# Snow.... er.. where ?? not in london



## Guest (Jan 6, 2003)

another year....

and still no snow... in the delights of SW London (and NO........ that light early sprinkling on sat doesn't count)

I talking about several inches of snow.......... the real stuff..... WHERE IS IT ?? ???

Seriously this is not fair at all, I want to make snowmen, have snow ball fights and of course have time off work as I can't get into work because of the snow.......

but NO ... all we have in the heat haze of London is rain......
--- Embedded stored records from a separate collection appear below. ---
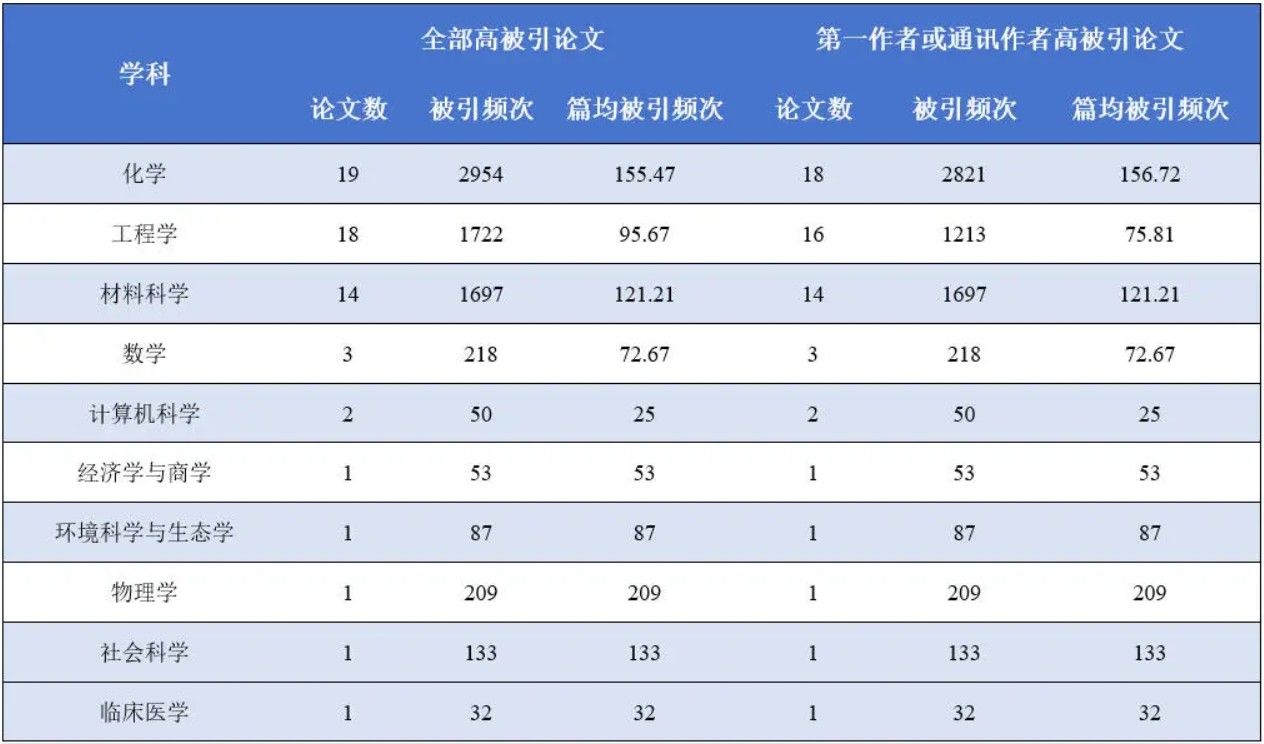 此次我校入选论文涉及化学、工程学、材料科学、数学、计算机科学、经济学与商学、环境与生态学、物理学、社会科学、临床医学共10个ESI学科领域。具体学科分布情况如下表:
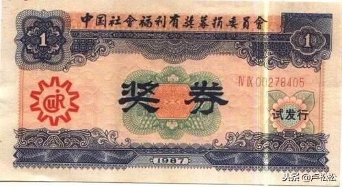 1987年发行的“中国社会福利有奖募捐券”,长得像1块钱人民币,背面写着“利国利民”。
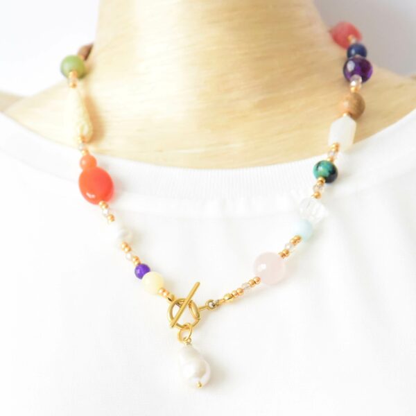 Kurzkette „Filippa“ Edelstein Mix und großer Zuchtperlen Anhänger
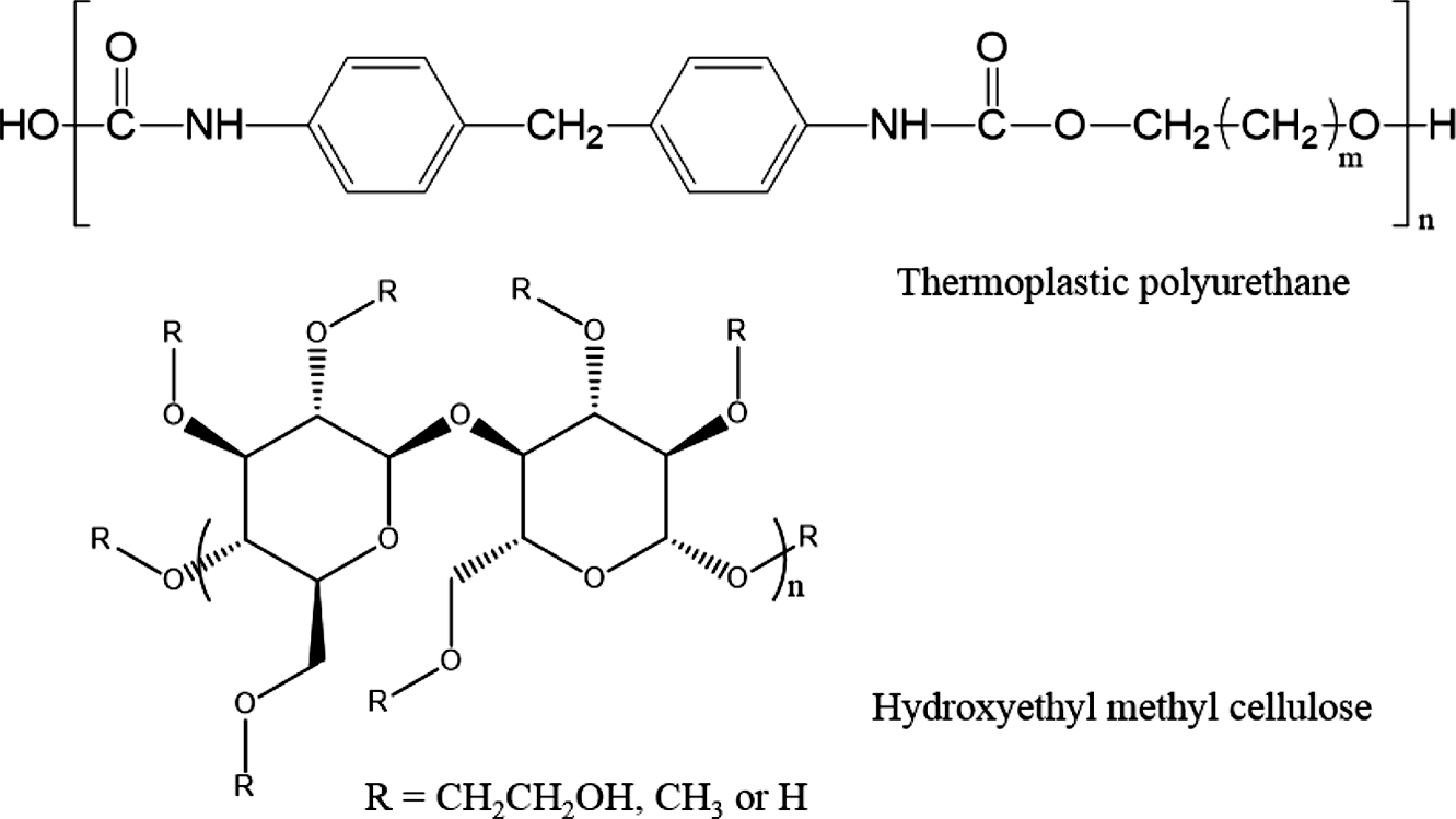 Structure diagram of thermoplastic polyurethane and hydroxyethyl methyl cellulose.

Stop moaning about how bad it is.. up north.... now this time the snow is really whiter up north (er... or isn't that the grass is greener.. or whatever... ;D )

NOT FAIR....


----------



## coupe-sport (May 7, 2002)

give it a chance... its only January...


----------



## vlastan (May 6, 2002)

Get a snow machine!!


----------



## Guest (Jan 6, 2003)

not sure I can get a machine big enough to plaster SW London with snow... :

but I ain't asking for much... just a bit of the white stuff.... (welll a few odd million metric ton's of it anyway.....!)

Scotland... you guys & girls get ALL the fun..... :'( :'( :'(


----------



## donny (Sep 5, 2003)

;D ??? ;D


----------



## vlastan (May 6, 2002)

With the snow machine you could have enough snow in your back garden to make snowmen!! What more do you want?


----------



## raven (May 7, 2002)

Snow's forecast tonight in London! ;D


----------



## Guest (Jan 7, 2003)

> With the snow machine you could have enough snow in your back garden to make snowmen!! What more do Â you want? Â


not enough to block all the roads to work.. Â 
(and i've got a 2wd TT....... so i won't be able to get through the snow.... Â 8) )

bloody hell........... ain't it already bloody cold enough... ??

as for the "forecast"....... it's just cold.... NO...... cold NO... Snow Yes........ forecast..... [smiley=behead2.gif]

[smiley=end.gif]


----------



## vlastan (May 6, 2002)

It is snowing here now. And it is 0C...so it gets white outside...just like Wak's TT!! ;D


----------



## Guest (Jan 7, 2003)

> It is snowing here now. And it is 0C...so it gets white outside...just like Wak's TT!! Â ;D


although when it does snow.. can't wait for the post by Wak that reads.....

"It has snowed and I can't find my TT... what do I do ???"


----------



## vlastan (May 6, 2002)

Ahhh...Wak has advanced technology installed in his TT.

He will located by GPS and then sms it to start it, use the honk and flash the lights!! ;D ;D


----------



## vernan (May 27, 2002)

There's about two inches in Sevenoaks this morning. Lovely. Looks like winter should look. The boy was so excited - shame he's back at school today, sod's law.

So............

Connex South Eastern have gone mental, and the trains are in disarray. 20 mins late or cancelled for everytrain.

Bailed out by you and me to the tune of Â£78m, a 7% increase in fares yesterday. Don't you just love Mr Major and Mr Blair 

Still, at least I could have driven in this morning (if I'd wanted to) without paying a congestion charge, a?


----------



## Guest (Jan 7, 2003)

bllimey... ! 
it snowed last nite in London (although a bit lightly... and all the main roads were all clear)
[smiley=rolleyes5.gif]

ok, that's a start.. now I want MORE......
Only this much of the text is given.